APAA e-Newsletter (Issue No. 24, August 2021)

Korean Supreme Court Changes Inventiveness Standard for Selection Inventions

Hong-Joo Ahn, C&S Patent and Law Office (Korea)

  1. Selection Invention and Patentability Thereof

A selection invention is an invention involving selection of a species from a genus disclosed in a prior art reference. Generally, when a selection of matter is not directly disclosed in the prior art reference, a selection invention has novelty. As for inventiveness, the Korean Supreme Court principally considered whether a selection invention can achieve an advantageous effect in comparison with a prior art reference.  Recently, the Korean Supreme Court changed the standard for determining inventiveness of a selection invention by requiring that the inventiveness determination of a selection invention be the same as other types of inventions.

  1.  Case Background

The present case relates to Korean Patent No. 0908176 titled “Lactam-Containing Compounds and Derivatives Thereof as Factor Xa Inhibitors.” The chemical compounds recited in claim 1 cover the active ingredient named Apixaban, commonly used to prevent blood clotting and which is commercially available as Eliquis from Bristol-Myers Squibb Korea. A prior art reference (WO00/39131) also discloses Apixaban through a general chemical formula.  However, theoretically, the present invention corresponds to selecting one from among approximately 66 billion potential combinations, as described in the following.

The Korean Intellectual Property Trial and Appeal Board and the Patent Court did not acknowledge the inventiveness of the present invention, based on strict inventiveness requirements suggested by the precedent Supreme Court rulings.  In the case of 2001Hu2740, the Supreme Court ruled that a selection invention is patentable on the condition that first, a prior art reference has not yet disclosed subordinate concepts comprising a selective invention in concrete terms (Novelty); second, subordinate concepts must possess effects different in quality from the preceding invention, or if not, at least, there must exist conspicuous differences in effect as measured quantitatively therebetween (Inventiveness).  The stance of the Supreme Court has been to consider that the difficulty in constitution of a selection invention can be acknowledged only through qualitatively different effects or significantly different quantitative effects thereof.

  1. Supreme Court Rulings in 2019Hu10609 (April 8, 2021)

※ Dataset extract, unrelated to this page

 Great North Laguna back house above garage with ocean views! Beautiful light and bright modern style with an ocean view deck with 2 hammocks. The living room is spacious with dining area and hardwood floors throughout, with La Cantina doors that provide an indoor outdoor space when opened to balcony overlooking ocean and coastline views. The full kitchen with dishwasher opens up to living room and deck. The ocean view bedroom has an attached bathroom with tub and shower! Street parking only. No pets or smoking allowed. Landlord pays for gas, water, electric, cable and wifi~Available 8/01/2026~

The Supreme Court recently held that even if a genus is disclosed in a prior art reference, a selection invention should be considered inventive when the difficulty in constitution is acknowledged.  The Supreme Court further ruled that when determining the difficulty of constitution of a selection invention, the number of compounds that can theoretically be included within the scope of the chemical formulas and substituent in the prior invention, whether or not an ordinary skilled artisan could easily select a particular compound or a particular substituent from among the compounds listed in the prior invention, structural similarity of the selection invention to compounds specifically described in the prior invention, or the like, should be considered as a whole.

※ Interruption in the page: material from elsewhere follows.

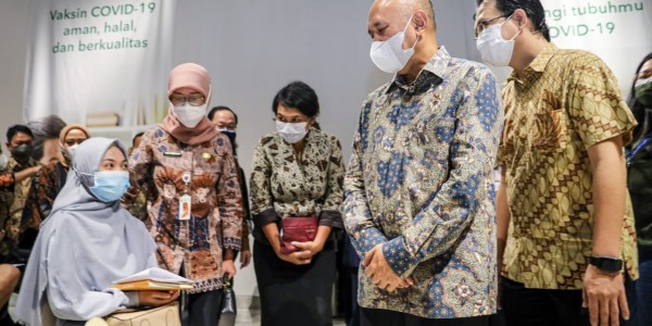 Telusur.co.id -Direktur Kredit UMK & Usaha Syariah Bank DKI, Babay Parid Wazdi (batik tengah) melakukan foto

Based on the foregoing, the Supreme Court overturned the original decision and found that the present invention does not lack inventiveness, considering that the present invention selects one of hundreds of millions of combinations which are potentially available in the prior art reference, that the present invention has increased the concentration of active drugs in the receptor and has improved the effect of co-administration where it is administered simultaneously with other drugs, and that the prior art reference fails to disclose embodiments similar to the present invention.

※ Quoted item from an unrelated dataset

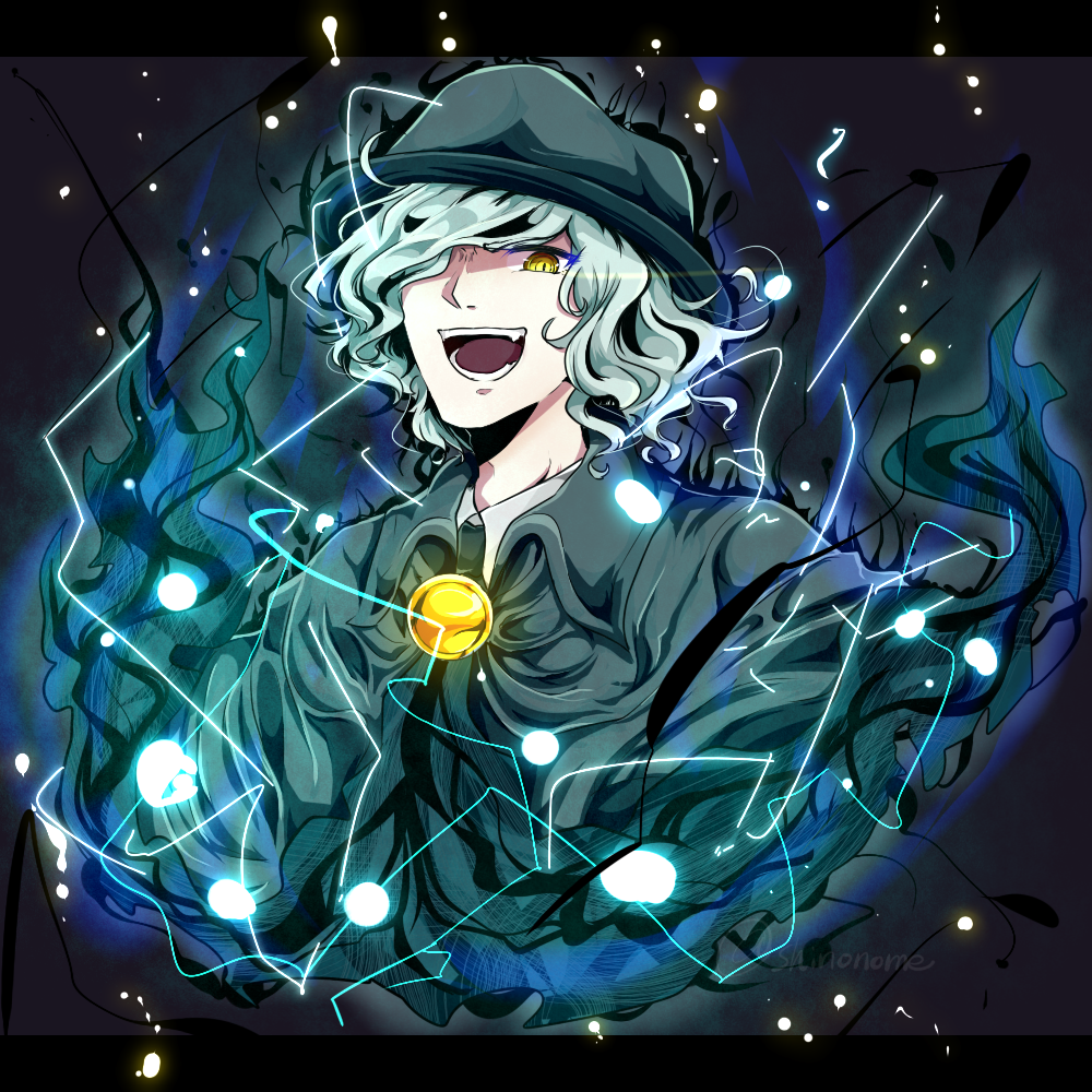 1boy cape collared_shirt colored_eyelashes edmond_dantes_(fate) electricity fate/grand_order fate_(series) fedora grey_background grey_cape grey_hair hair_over_one_eye hat jewelry letterboxed male_focus pendant shinonome_kia shirt short_hair signature solo teeth wavy_hair yellow_eyes

  1. Implications of Decision

The Supreme Court maintained the stance of the precedent ruling in which a selection invention is inventive when a selection invention achieves advantageous effects in comparison with a prior art reference.  The decision of the present case can be understood when considering that the requirement of inventiveness should be no different in selection invention cases, as compared to other categories of patentable inventions. In this sense, the present case was not decided by an en banc court, which suggests that the Supreme Court is of view that this case did not overrule its prior decisions but merely clarified the form of its prior decisions. In spite of the Supreme Court’s view, it is expected to significantly change the precedent practices in determining inventiveness of selection inventions. However, even in the present case, qualitatively different effects or significantly different quantitative effects, along with appropriate examples in support thereof, are still important to gauge the patentability of a selection invention, as those effects can be a principal factor regarding the difficulty in constitution.